RADIOGRAFÍA DEL TIEMPO

Cuenta el fotógrafo y pintor William Christenberry que, en uno de sus frecuentes viajes a su Alabama natal, se encontró con que había desaparecido un ala de la casa de su abuela, cuya puerta él había fotografiado en numerosas ocasiones. Sorprendido, preguntó a su padre sobre dicha mutilación. La respuesta que obtuvo fue a la vez sencilla y sorprendente: esa zona de la casa había sido trasladada a otro lugar y adosada a la vivienda de un vecino. La reacción de Christenberry fue de absoluto desconcierto. No es extraño: le habían privado de repente de una puerta de acceso a su pasado.

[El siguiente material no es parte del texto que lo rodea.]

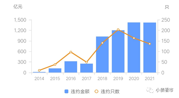 《小債看市》統計,2014-2021年信用債市場共計發生債券違約836只,違約金額高達5766.18億元。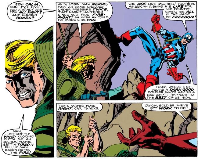 Soon, Cap, Bucky, and the Commandos are scaling the mountain to the castle where the Skull is holding the Starks. Reb falls and is saved by his line, but he’s still terrified, and Cap finds him freaking out. After saving him, Cap tries to lift his spirits, telling him they’re not so different after all. (“In fact, you look just like me!”)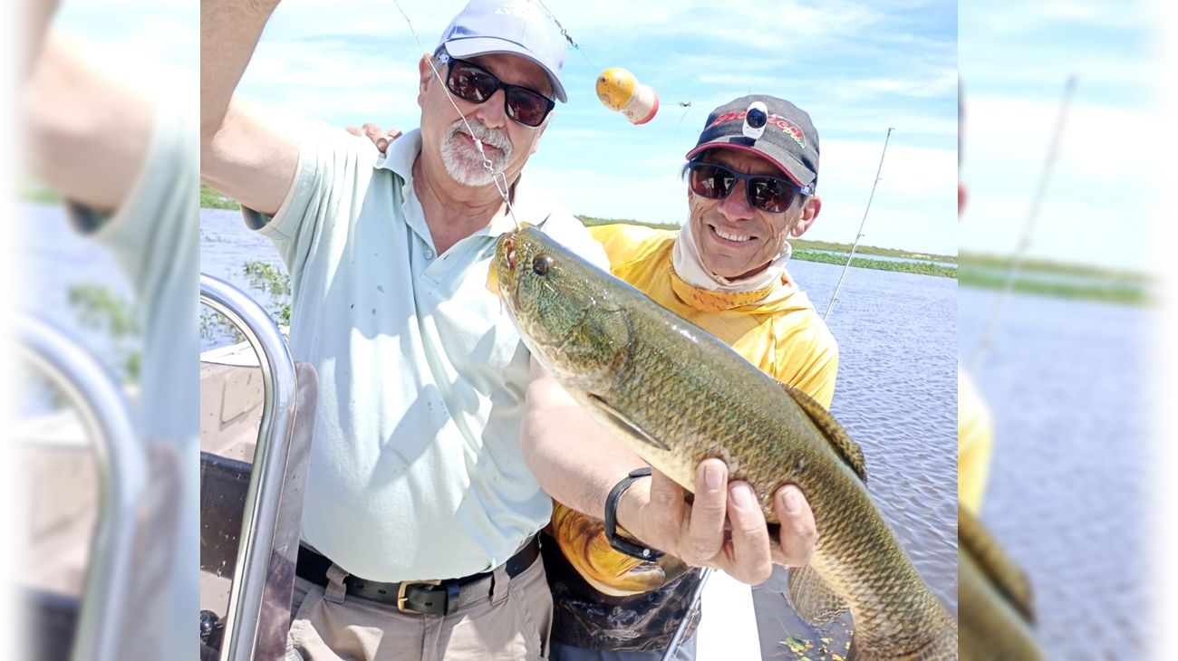 María Luz Villagra, directora de Turismo de Pueblo Belgrano nos invitó a visitar este pintoresco destino, y nos adentramos en las aguas del Uruguay en una salida que fue guiada por Raúl Almeida, un referente local no solo por su conocimiento del río sino también por su compromiso ambiental. Raúl integra la Asamblea Ambiental y el Foro Gualeguaychú, forma parte de la Fundación Azara y es responsable del Museo de Ciencias Naturales Manuel Almeida, lo que se refleja en su enfoque responsable de la pesca. Tras una breve navegación, hicimos la primera parada en la boca del Gualeguaychú y el Uruguay para buscar pesca variada. Algunos bagres amarillos serían destinados como carnada para dorados. Durante el trayecto, y con la embarcación en movimiento, pinchamos el primer dorado de la jornada, anticipando la buena actividad que nos esperaba.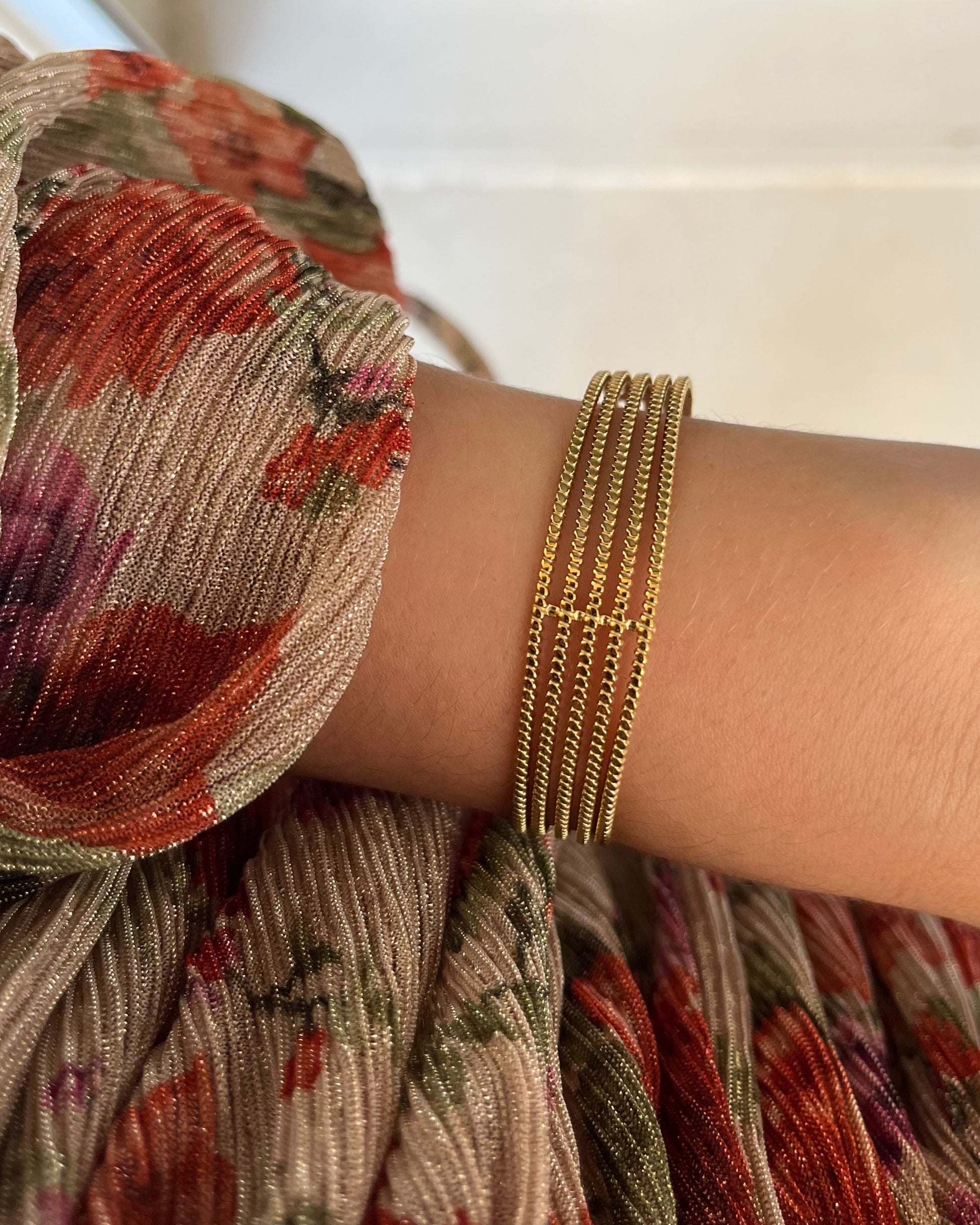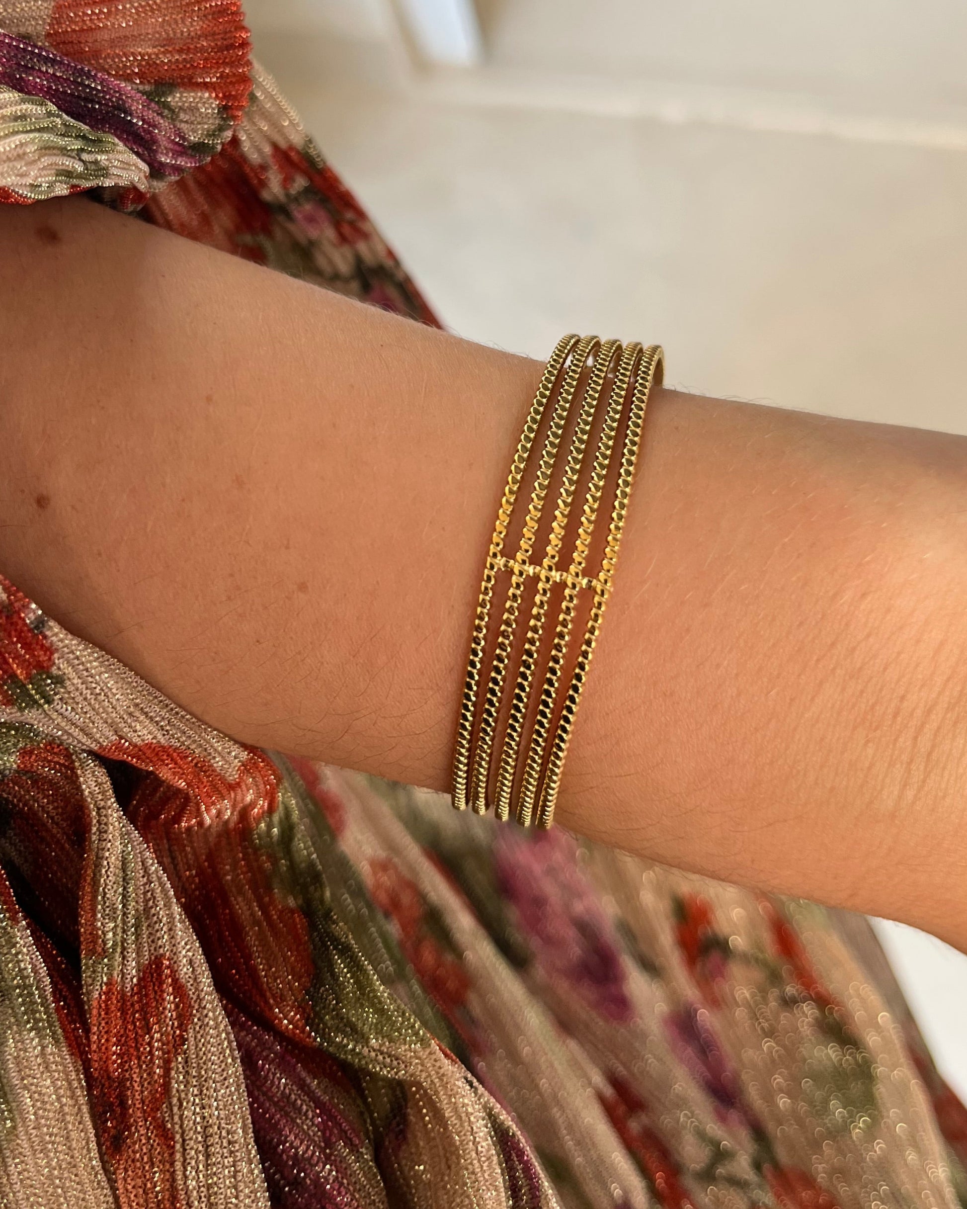 Un bracelet jonc ouvert au design moderne, orné de plusieurs rangs de petits ronds dorés en métal qui jouent avec la lumière.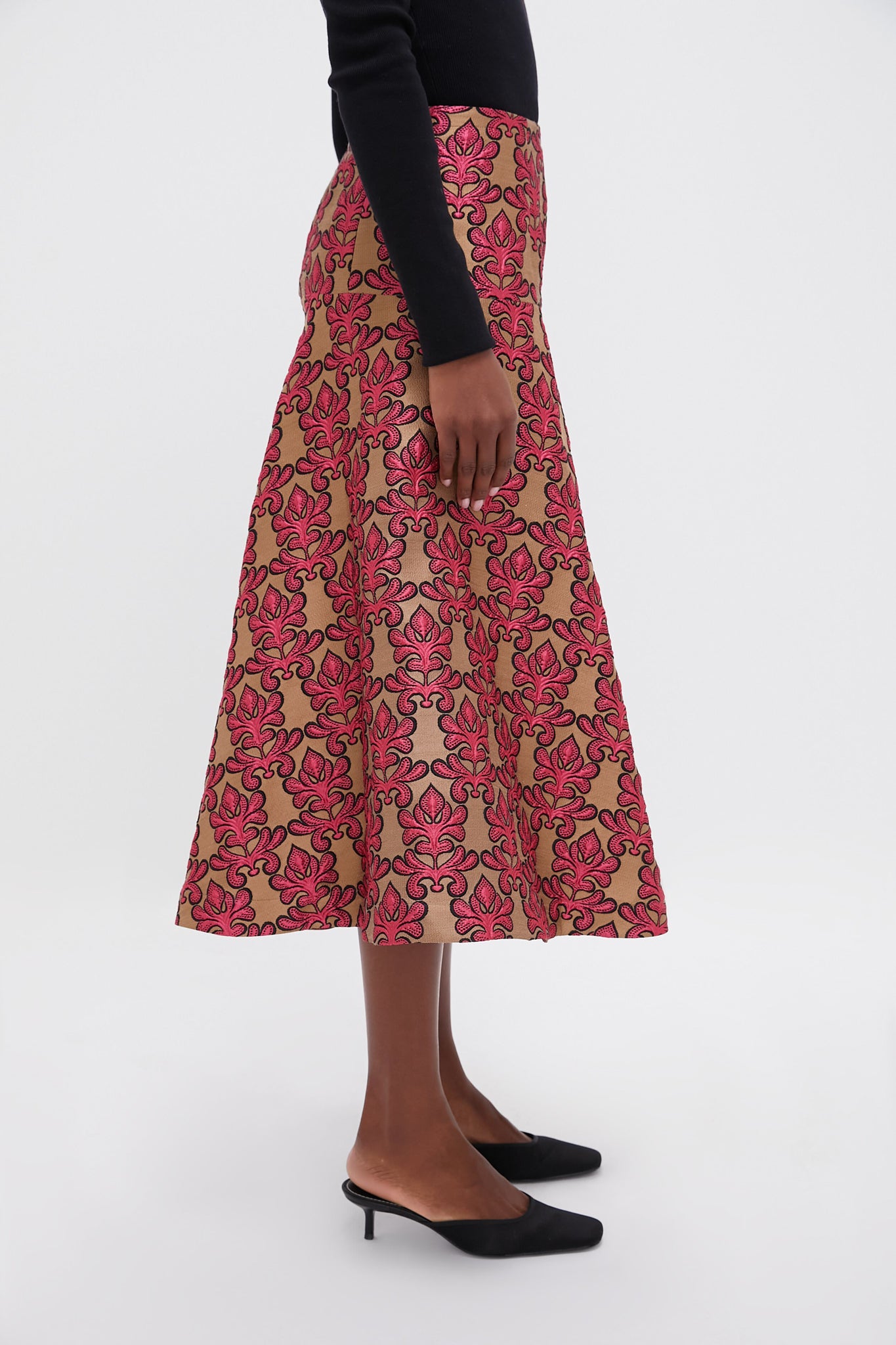 The Herald Jacquard Janis Skirt exudes elegance with its ornate pattern and fitted waist that flares into a full A-line silhouette. We are styling ours with heels and a fitted top for a look that screams sophistication.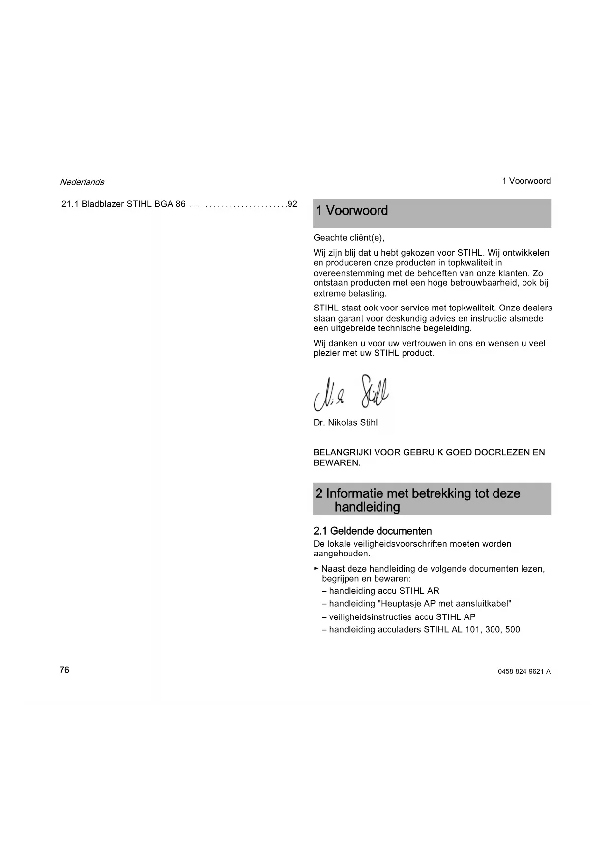 Nederlands 1 Voorwoord Geachte cliënt(e), Wij zijn blij dat u hebt gekozen voor STIHL. Wij ontwikkelen en produceren onze producten in topkwaliteit in overeenstemming met de behoeften van onze klanten. Zo ontstaan producten met een hoge betrouwbaarheid, ook bij extreme belasting. STIHL staat ook voor service met topkwaliteit. Onze dealers staan garant voor deskundig advies en instructie alsmede een uitgebreide technische begeleiding. Wij danken u voor uw vertrouwen in ons en wensen u veel plezier met uw STIHL product. Dr. Nikolas Stihl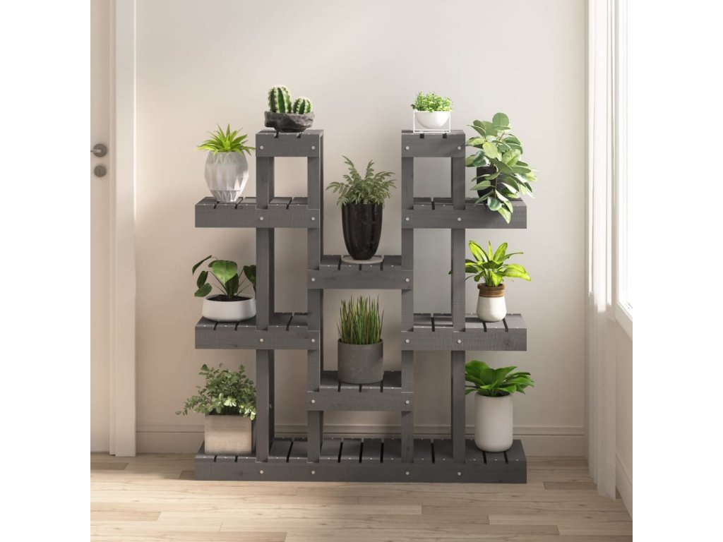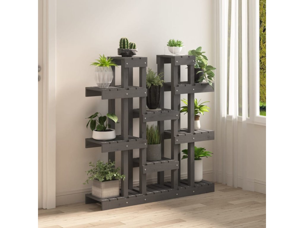 vidaXL Stojan na rostliny šedý 104,5x25x109,5 cm masivní borové dřevo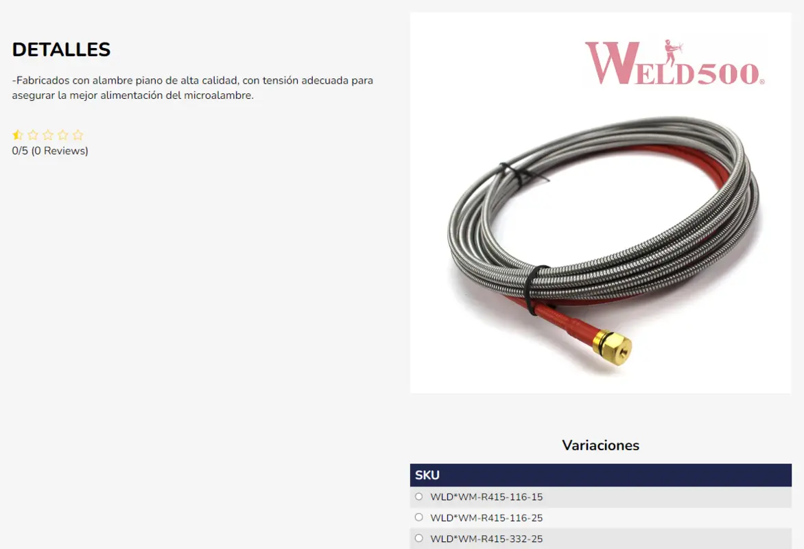 Liner 0.030-0.035 15Ft 180/200/250A Cod. Kcm*K42-3035-15 cantidad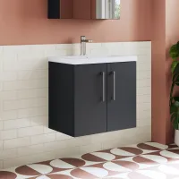 Nuie Arno 600mm 2 Door Soft Black Wall Hung Vanity Unit With Thin Edge Basin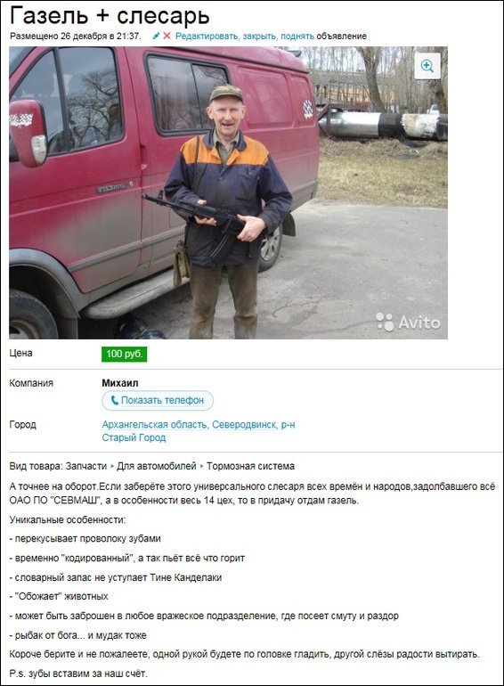 - Сынок, принеси-ка бабушке крем для губ. - Который крем? - Такой в тюбике, на нем «Момент» написано. Стоят на дороге ГАИшники, скучают. Видят - дед на телеге едет. Решили прикольнуться. Останавливают: - Дедушка, Ваши права! Дед подымает палкой кобыле хвост и говорит: - В бардачке возьмите!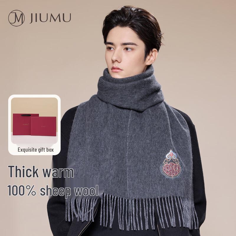 JIUMU Men's Pure Wool Chinese Style Scarf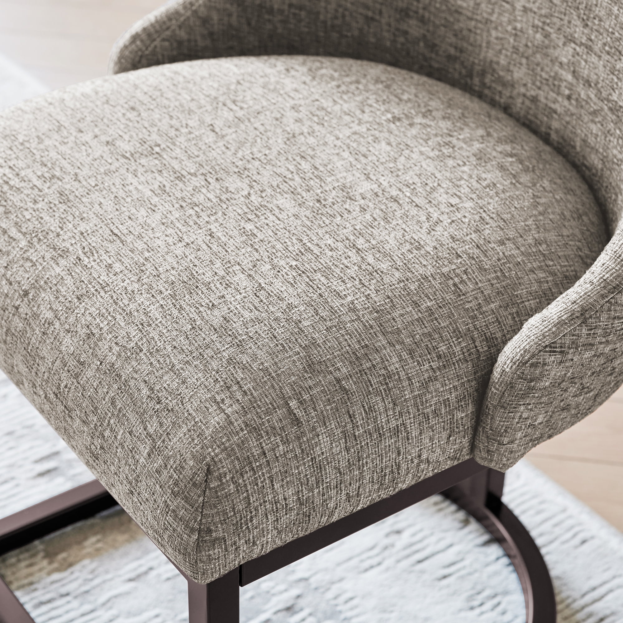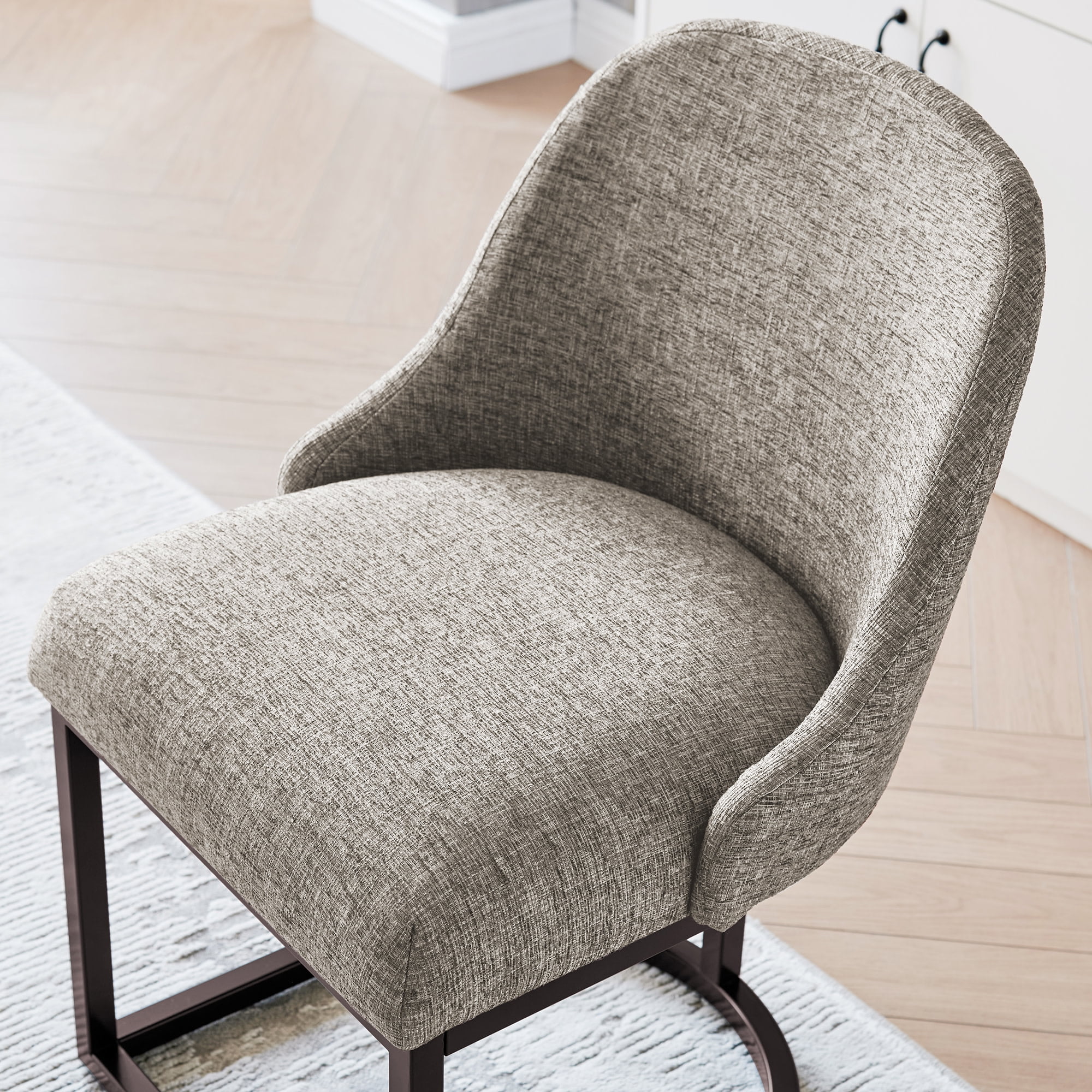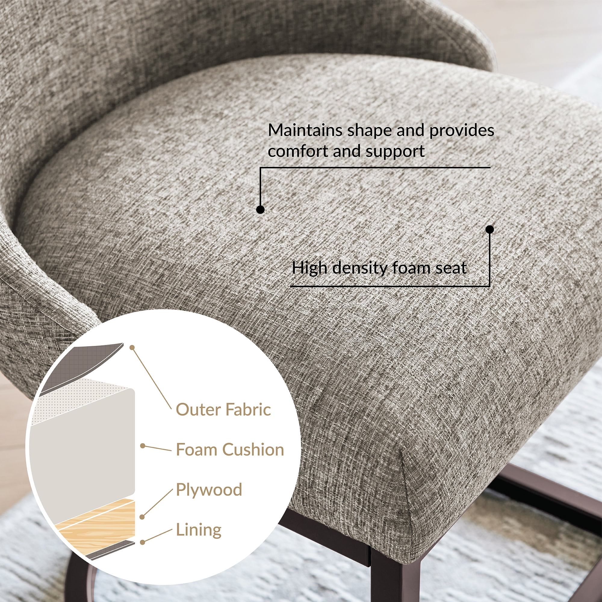 Dining Height Chair: Measures 20.75″ L x 23.25″ D x 34″ H and is compatible with counters and tables 28″ to 30″ high; comes in a set of two High Quality Craftsmanship: Durable fabric provides long-lasting use and heavy gauge steel base ensures stability Comfortable Seat: High density foam seat cushion maintains its shape over time and supportive barrelback design provides comfort for everyone Modern Design: Gray linen upholstery with curved metal elements complements many decor styles including modern and contemporary to give you a versatile piece for your home Stress-Free Assembly: Simple assembly allows you to enjoy your new chair in minutes Buy with Confidence: Customer satisfaction has been our priority for 150 years; with our 1-year limited warranty, you can rest assured your purchase is risk-free

Hace un par de semanas visité en la fundación Mapfre una exposición de las obras de este artista peculiar y polifacético. Christenberry lo mismo esgrime una cámara de fotos que pinta o realiza maquetas de edificios, pero a pesar de la multiplicidad de técnicas empleadas, sus creaciones están dotadas de una profunda unidad: son una indagación sobre el paso del tiempo y un constante viaje de regreso a los escenarios de la infancia del artista. Los protagonistas de sus obras son construcciones y enclaves profundamente unidos a la mano del hombre, pero en los que la presencia humana se evita siempre. En las imágenes de Christenberry, los edificios aparecen aislados, perdidos en un marco vegetal o en la soledad de una calle desierta. La atención del que los contempla puede así fijarse sin distracciones en los detalles que los conforman, en los carteles publicitarios, las vallas, las puertas y ventanas, las formas de los tejados, los postes del tendido eléctrico y los vehículos detenidos junto a la entrada. Estos modestos representantes de la arquitectura más sencilla y utilitaria (son bares, almacenes, graneros, pequeñas iglesias, casas de gente humilde) llegan a adquirir, vistos a través de la cámara de este testigo excepcional, una curiosa animación: nos conmueven y emocionan, nos entristece su deterioro y nos alegra que vuelvan a lucir con vivos colores tras ser restaurados. Especialmente emocionante me resulta la fotografía que se ha utilizado para el cartel de la exposición, la de la iglesia Sprott, en Alabama, blanca y austera, con un diseño casi infantil, rodeada por el bosque, con sus ventanas que son como ojos que nos observan y la puerta que nos invita a entrar. Tal vez soy víctima de mi fantasía, pero cada vez que contemplo esta imagen, tengo la impresión de que a esta iglesia sólo le falta hablar.


Lo más impactante de la exposición son quizá las series de fotografías realizadas a un mismo edificio a lo largo de los años. Con paciencia y tenacidad, Christenberry retrata una y otra vez, durante décadas, una estación de servicio, una cabaña en el bosque, una tienda de barrio, un bar. Nos ofrece así la posibilidad de contemplar las transformaciones, la adecuación a los nuevos gustos, los cambios del color de la fachada, los parches en el tejado, y finalmente, el abandono, las puertas y ventanas que se descuelgan, el hundimiento del techo, el triunfo de la vegetación que lo devora todo. Sus edificios son más que nunca seres vivos que evolucionan, se resisten a envejecer y mueren. Dejo aquí dos ejemplos: el primero recoge la trayectoria de un modesto café desde que es un negocio en uso hasta su abandono y transformación en un edificio anónimo; el otro es una serie titulada Coche y casa, en la que se plasma con estremecedor detalle el proceso de deterioro de una vivienda familiar. Uno se puede pasar las horas muertas comparando unas imágenes con otras, intentando localizar el instante preciso en que se inicia la decadencia: ese momento en que se oxidan los carteles metálicos del Café Coleman’s, o ese otro en que el coche frente a la vivienda familiar ha perdido sus ruedas traseras. Es algo parecido a lo que todos hacemos ante al espejo cuando buscamos en nuestro rostro las huellas de la edad.